In November of 1997 several Mexican curators hosted the annual Oracle meeting, the gathering of curators of photography from around the world. While there, Nissan Perez of the Israel Museum, Eikoh Hosoe from Japan, Yuko Yamaji of the Kiyosato Museum of Photographic Arts in Kiyosato, Japan, Roberto Hinestrosa from Tijuana and I visited Don Manuel. He was 95 years old then and had recently been very ill. He was at home with round-the-clock nursing and in a hospital bed. He was very weak and we were allowed only a half hour with him. Clearly our visit cheered him but it depressed us. The great Manuel Alvarez Bravo was dying.  We all knew it would likely be the last time we saw him.  But by the next year he had recovered and was shooting again and working on one of his two final books!

In his last years, his eyesight deteriorated, yet he never stopped working. He photographed the large trees in the courtyard of his home in Coyoacan and the shadows they cast on his walls.
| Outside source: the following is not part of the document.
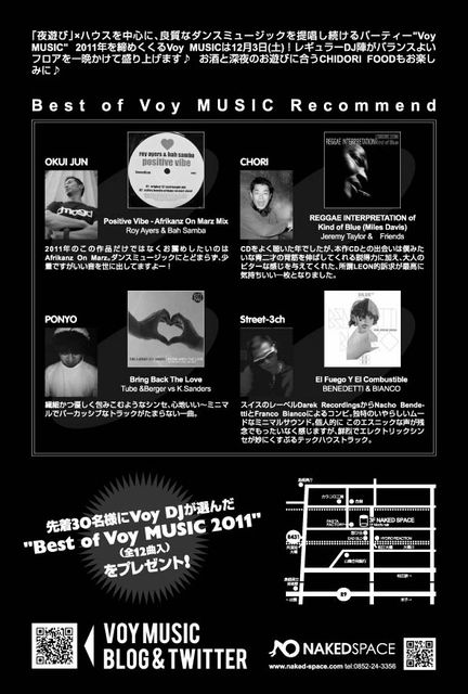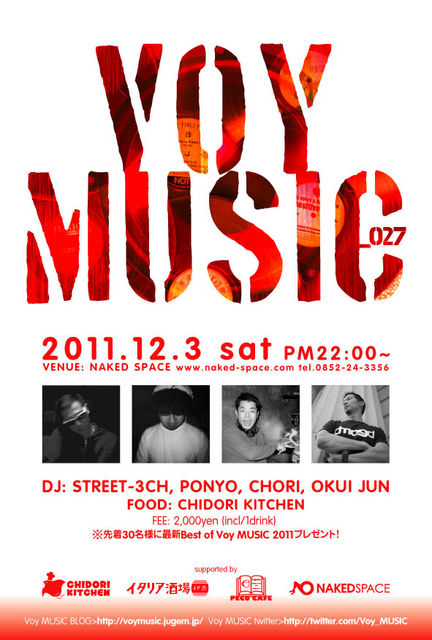 「夜遊び」×「ダンスミュージック」 ハウスを中心に、良質なダンスミュージックを提唱し続ける老舗パーティー"Voy MUSIC" 2011年を締めくくるVoy MUSICは12月3日(土)!レギュラーDJ陣がバランスよいフロアを一晩かけて盛り上げます♪ お酒と深夜のお遊びに合うCHIDORI FOODもお楽しみに 2011.12.03.Sat.PM10:00〜 [ Voy MUSIC_027 ] ♪HOUSE/DANCE MUSIC DJ: STREET-3CH, PONYO, CHORI, OKUI JUN FOOD: CHIDORI KITCHEN FEE: ¥2000(incl/1drink) ※ 当日先着30 名様にVoy DJが選んだBest of Voy MUSIC 2011(全10曲入)をプレゼン

He could see those grand shapes and elegantly composed them in a sort of balletic combat between the forces of light and darkness.

All photographs are about time, its progress and its arrest. Don Manuel's observations will continue to intrigue and charm us. His death does nothing to diminish that. These preserved revelations will slow us down and remind us to pause and look at the texture of our lives and the time that encases it. Hay tiempo. There is time.